The first model of MHNGOs provide treatment-based care and rehabilitation. The MHNGO identifies unmet needs of the populations they wish to serve, and develops treatment and rehabilitation programs accordingly. The range of treatment services depends on the conditions of focus and available resources, including government-partnership and donor models.22 Some examples of services include “in-patient care, out-patient clinics, day care programs, and residential care for individuals with chronic conditions”.13, 23 MHNGOs within this category prioritize in-person interactions with clients.

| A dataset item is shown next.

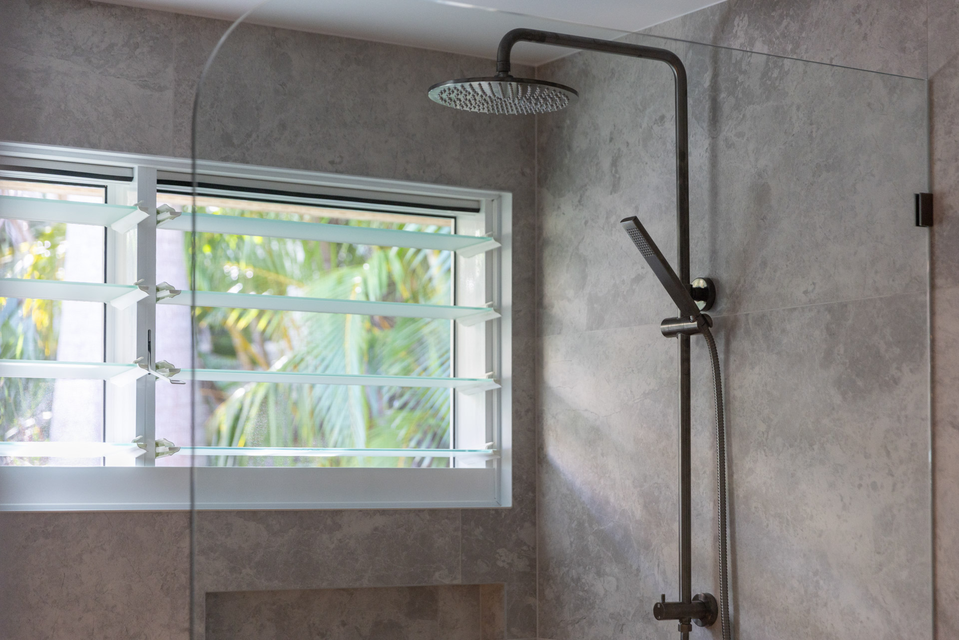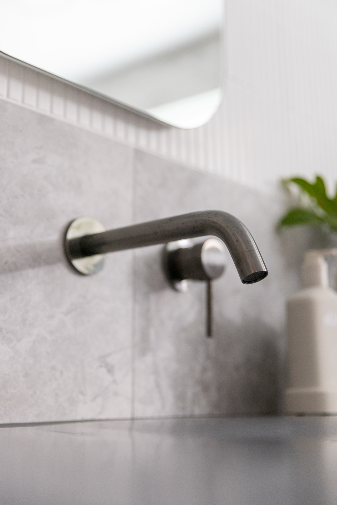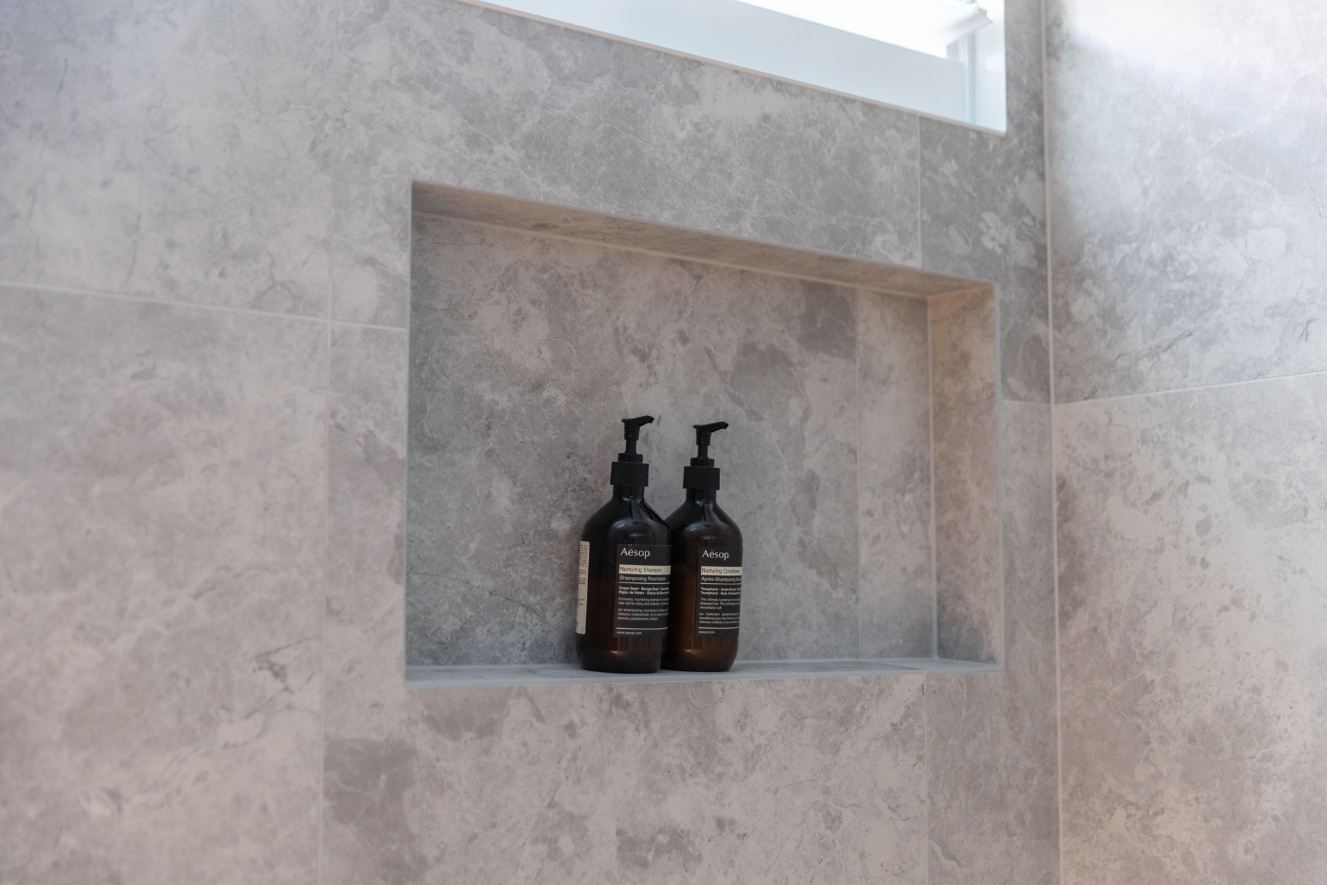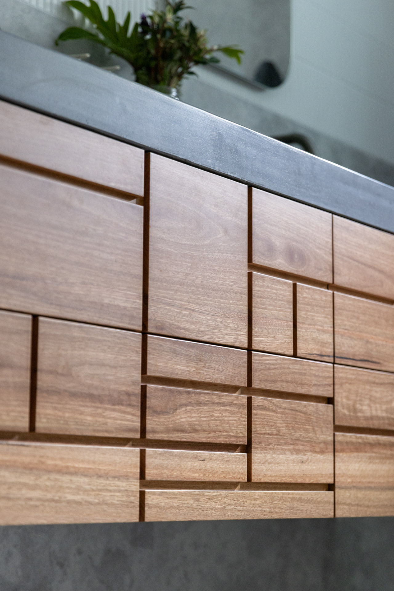 With a custom designed floating timber vanity, topped with a Mickey Mouse moulded concrete top, this space is a picture of modern elegance.
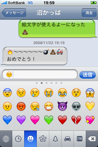 残念ながらまだ他キャリアとの互換性がありませんが、ソフトバンク同士なら問題なくいけるようです。 過去に受信して化けていたSMSの絵文字も、ちゃんと表示されるようになりました。

An example of this model is the MS Chellamuthu Trust and Research Foundation located in Tamil Nadu, India.24 This MHNGO has institution-based rehabilitation programs in which people with mental illnesses are admitted into centers and receive therapeutic interventions under supervised care. MSCTRF provides both residential and non-residential rehabilitation facilities. For example, their Centres for Psychiatric Rehabilitation have five locations, and admission and determination of appropriate intervention is conducted by a committee of mental health professionals.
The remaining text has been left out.